I started my own business because I wanted to have more flexibility and control over my own life. I wanted to be able to make my own hours and work remotely at home in Australia for a couple of months of the year. But what I created was an 80 hour work week and very few clients. 

As a new entrepreneur there are a lot of things to learn. New people to meet. Clients, marketing, blog posts, Facebook, Instagram, twitter, youtube, website and then I had to fit showering and eating somewhere in between (don’t worry I managed that). I spent more of my time on the other stuff and less on the actual clients. 

There were a couple of things that contributed to my 80 hour working week. Initially I was still in that corporate space where I had fixed hours, so I would get up and do the 9 – 5 (well actually I would start with emails and social media as soon as I woke up). Working as Head of Learning and Development, I was used to the do and seeing outcomes, so I found myself doing for the sake of it, when there were ways I could have streamlined and I liked how the busy made me feel. I felt like in the busy I was achieving something, but I wasn’t really achieving what I set out to do. There were definitely a lot of new things to learn and in the initial couple of months, 80 hours wasn’t unrealistic, but was I spending my time on what mattered? 

But the crux of it, the brutal honesty was I felt guilty that I had all this time and my sister who I live with, had to go to work and spend long hours commuting. So I felt like I had to put in these extra hours to justify my new life with all of this time and all of these new possibilities. 
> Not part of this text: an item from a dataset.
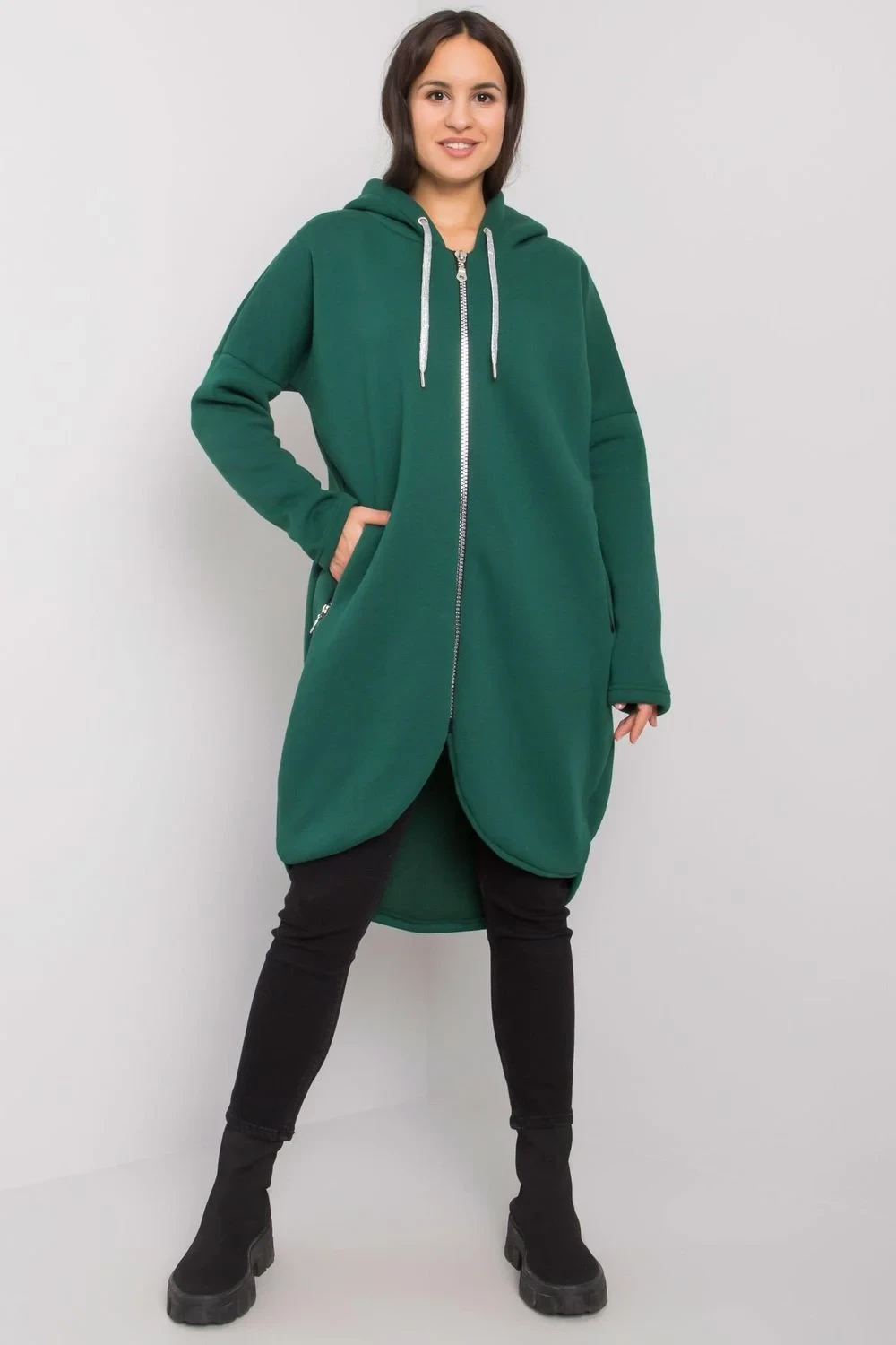 Dámská mikina s prodlouženým střihem a dlouhými rukávy. Mikina má asymetrickou spodní část, zapínání na zip a kapuci. Kapsy na zip po stranách.

Now? Now I realise the value of streamlining, utilising other people, spending time learning (after all the more knowledge and tools I have the more I can help my clients) and making time for play. I have a day booked out in my diary called creative day. It’s a day I don’t think about work, but instead focus on play, fun, laughter and creativity. It makes me a better business woman, person and coach. Some weeks I do work 80 hours and then other weeks, it might only be 20, but I realised there is no need to feel guilty. This is the life I designed for myself. Isn’t it my responsibility to enjoy it!